Remote control

work info

Personalizing and customizing the surroundings and objects of our everyday life is a widespread human practice. We pick up devices with our hands in passing, consuming their contents – often, they are the last thing we see before we close our eyes in bed at night. It is a way of creating a connection between the I and the world, a way of making yourself comfortable and claiming originality – being zany, cute or interesting. In Japanese subculture there is a specific term for this practice of excessive personalization. デコデン (Dekoden, or “decorated phones”) describes the over-the-top decoration of mobile phone cases and other maximalist accessorizing. 

In Isabella Fürnkäs’ ongoing series Remote control, the human urge to individualize is hinted by the material contrast of unglazed and air-dried clay with the excessive use of shells, shimmering pearls, mirrored shards of glass or natural, consumable items like lentils, beans and tofu. With their rudimentary, geometric shapes, recessed indentations or button-like decorations and antennas, these handy objects are reminiscent of the trailblazing invention of wireless remote controls. As the first technical device of its kind and the predecessor to the gadgets of our daily contemporary life, the remote gave people the feeling of being in control of the screen by deciding from a distance about the image being broadcast. Lying in your hand like a magic wand, this technical device puts you in a commanding position over your immediate surroundings via an invisible connection by only pushing buttons. But the force of these intelligent prostheses shifts over time, and the dynamic between subject and technology becomes fragile and increasingly ambiguous, alternating on the verge of autonomy and heteronomy. 

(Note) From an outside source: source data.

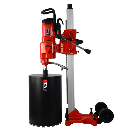 Установка алмазного бурения DIAM ML-350/2NE - мощная двухскоростная алмазная сверлильная установка с алюминиевой стойкой в комплекте. Применяется для сверления отверстий алмазными коронками в бетоне, железобетоне, камне и кирпиче. Диаметр сверления от 20 до 350 мм. Мощность электромотора 4,88 кВт, напряжение 220 В. Длина стойки 1000 мм, рабочий ход каретки 600 мм. Без наклона. Вал имеет стандартный хвостовик для крепления алмазной коронки ½ и 1 ¼”. Оснащена системой подачи воды, защитой от перегрузки, электрической защитой оператора от удара электротоком PRCD. Машина так же снабжена электронной регулировкой оборотов и мощности, что помогает подобрать оптимальные обороты сверления и позволяет снизить пусковую нагрузку (мягкий старт).
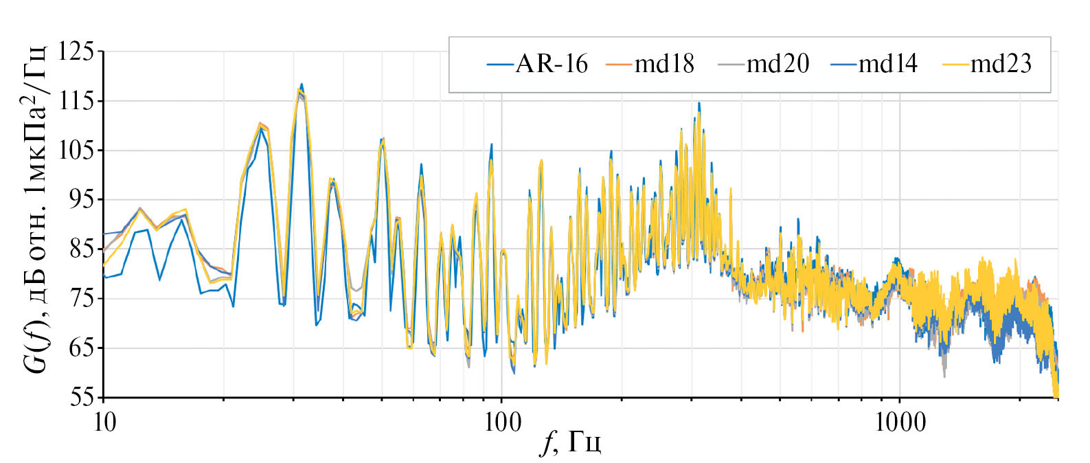 Рис. 4. Спектр акустического шума, измеренный опорным АПАР № 16 (голубая линия) и приведенные к нему спектры шумов, измеренные МД № 18, 20, 14, 23
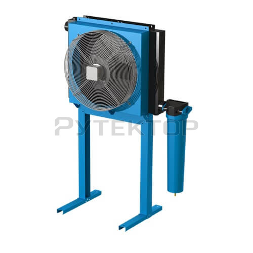 Сжатый воздух, проходя через данное устройство, охлаждается направленным потоком окружающего воздуха от встроенного вентилятора до температуры всего на 3 градуса, превышающей температуру окружающей среды. Выделяющаяся в процессе охлаждения влага (около 75-80%) удаляется с помощью циклонного сепаратора с автоматическим сливом конденсата, входящего в комплект поставки.
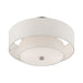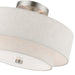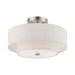The sleek style and simple design of this semi flush mount, makes it easy to use in any space. This 2 light fixture features an oatmeal fabric hardback drum shade with a satin white acrylic diffuser.
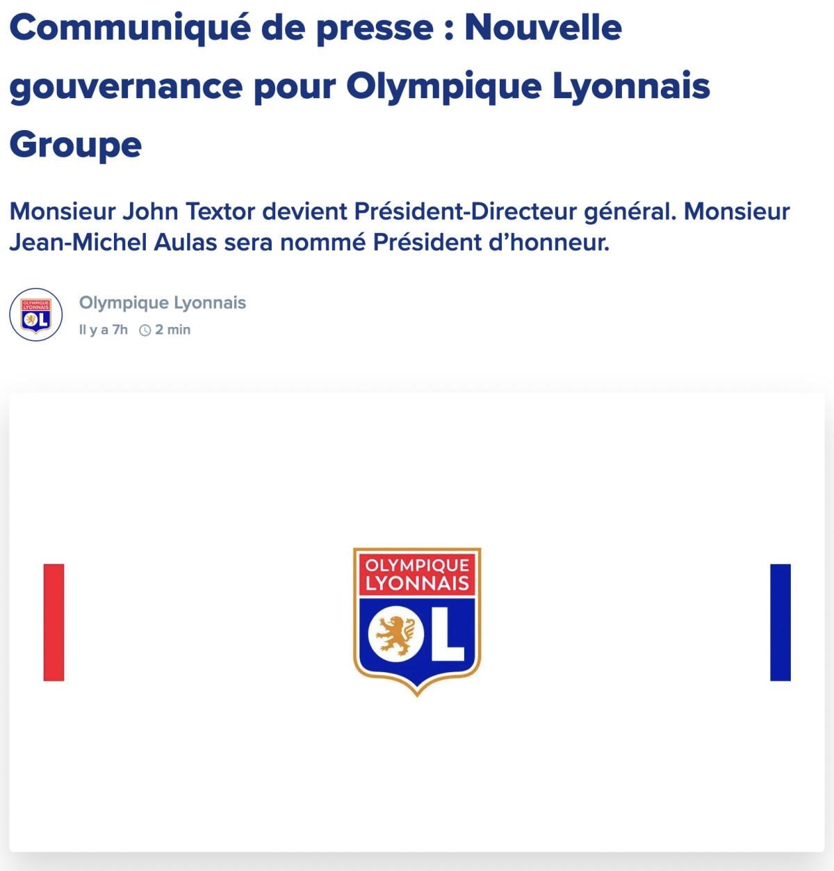 Kulüpten yapılan açıklamada, Aulas'a teşekkür edildi. Başkanlık görevini John Textor'ın yürüteceği duyuruldu.
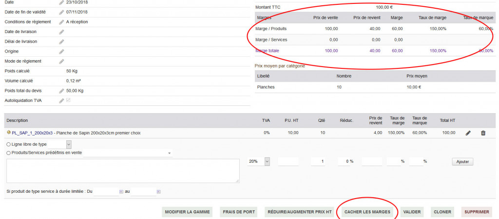 The dolibarr margin display module allows you to show/hide margins on quotes with a button.
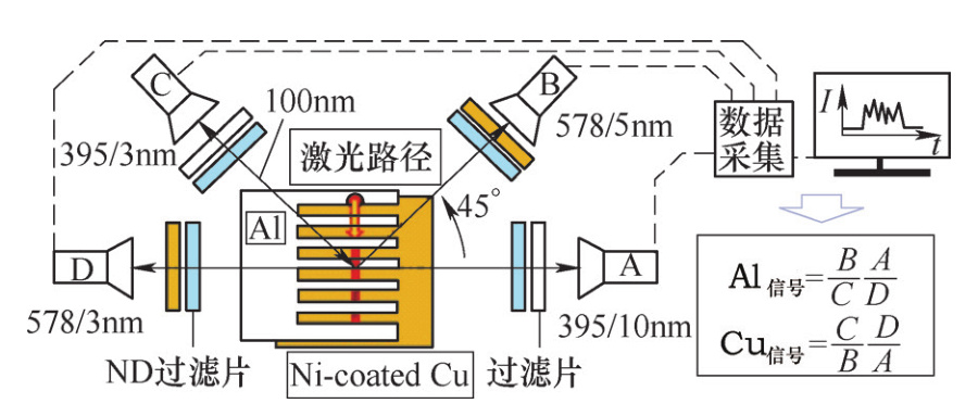 图5 Al/Cu激光焊接的测量光谱SCHALEN等使用敏感范围为340~1100nm的Thorlabs PDA100A型光电二极管和滤光片(见图6),研究了无保护气体的纯Al/Cu异种金属材料焊接中光纤激光诱导等离子体的光谱分析,结果表明,这种方法能够探测并可量化等离子体羽辉中的特定金属,394nm/396nm峰适合Al元素的分析,而578nm峰适合Cu元素的分析;与光谱仪相比,虽然分辨力有所降低,但是成本较低、采集快速;这种检测特征峰的新方法未来可应用于焊接质量矩阵的过程监控,或关于闭环过程控制的工作。该方法的研究目的在于通过光谱等离子体研究来探测Al熔进Cu侧的焊接熔深,有助于测定焊缝中是否存在熔融铜,而这是形成IMC的一个关键因素。
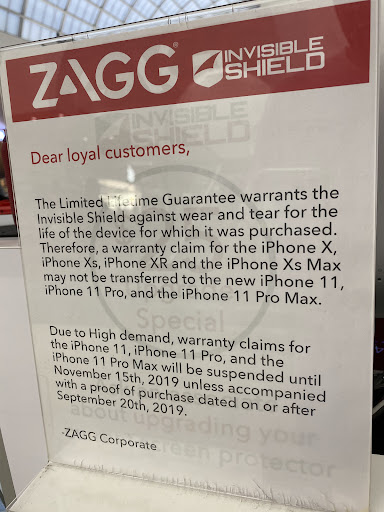 I will definitely be calling them later today to be put in contact with a manager or someone in charge. I had a Apple Watch series two Zagg luxe tempered glass screen protector and I brought it to this Zagg kiosk to have it installed but first I asked them if it wouldnât even fit because my watch is series 3. They said itâs the same and that it would fit. So they tried to install it and the sides wouldnât stick properly to the sides of my watch face, the sides just kept lifting back up. So they tried two different glass screen protectors they had on hand and neither one worked. They told me that âsometimes it just happensâ and ânot everyoneâs apple watches work with itâ then they advised me to let them install an Ultra Clear screen protecting film which they would swap for my tempered glass one and then charge me $8 to install. I found out later on the Zagg website that the series 2 glass screen protector does NOT fit series 3. I specifically asked them about that but instead they gave me the wrong information and charged me only to take my higher quality product for a lower quality lesser value one. They cheated me out of my money by giving me the wrong information and telling me that my watch just wasnât right or maybe had a defect with the screen not being flat. Keep in mind that my series 3 Apple Watch is BRAND NEW and shows absolutely no sign of any physical defect or screen abnormality.
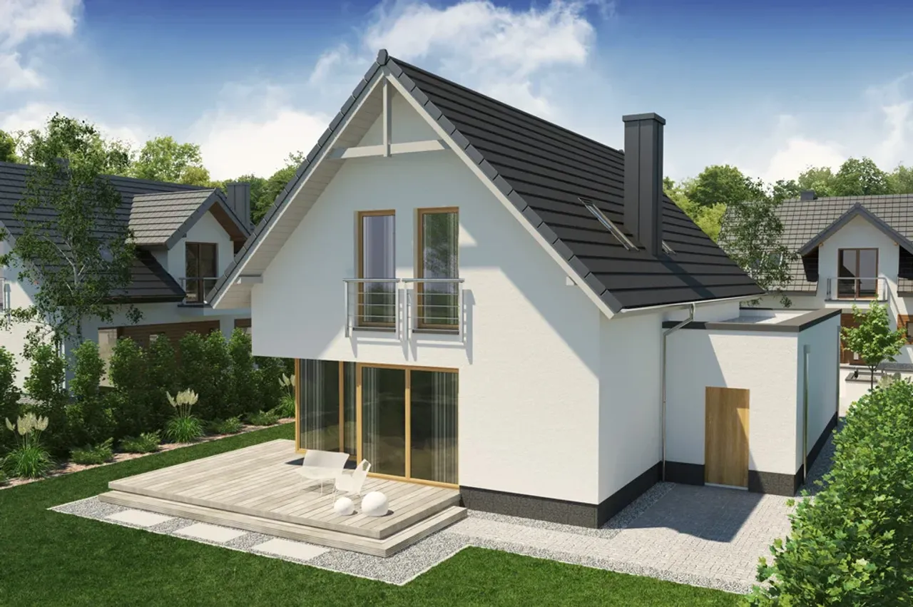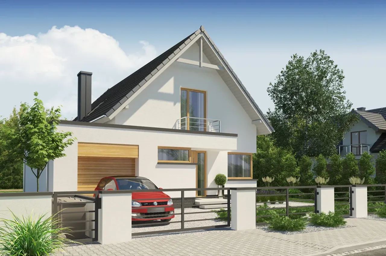 Gotowy projekt domu January PS to ciekawy, funkcjonalny projekt domu w technologii murowanej. January PS posiada garaż jednostanowiskowy zlokalizowany w bryle budynku. January PS to dom parterowy z poddaszem użytkowym w stylu tradycyjnym o kubaturze 471.84 m3. January PS to dom całoroczny z dachem dwuspadowym o kącie nachylenia 45 stopni.

In their dysfunctional objecthood, the clay-formed Remote control plays humorously with the illusion of control you feel when you hold something tightly in your hand. A feeling that is only reminiscent in their embellished silhouettes.

- Text by Klara Hülskamp

[...] With this approach, Fürnkäs joins the ranks of such artists as the Vietnamese artist Danh Vo or the Georgian artist Tolia Astakhisvili. But unlike them, there is another level to her work: the comic. In the clutter of the house lie a computer modeled out of clay. In the other rooms, mobile phones, also unskillfully modeled out of clay, are piled up in cupboards and drawers. Their clumsy, material-heavy, archaic appearance is in stark contrast to the elegant electronic devices with perfect surfaces, such as those made by Apple. This makes them look ridiculous. And suddenly, thanks to this awkward- ness and ridiculousness of the clay devices, a sense of the enormity, the recklessness, with which we outsource our own inner life, our most intimate longings, dreams and desires from our own un- predictable bodies, susceptible to disturbances and injuries, to the mechanically controlled inner life of the lifeless computer.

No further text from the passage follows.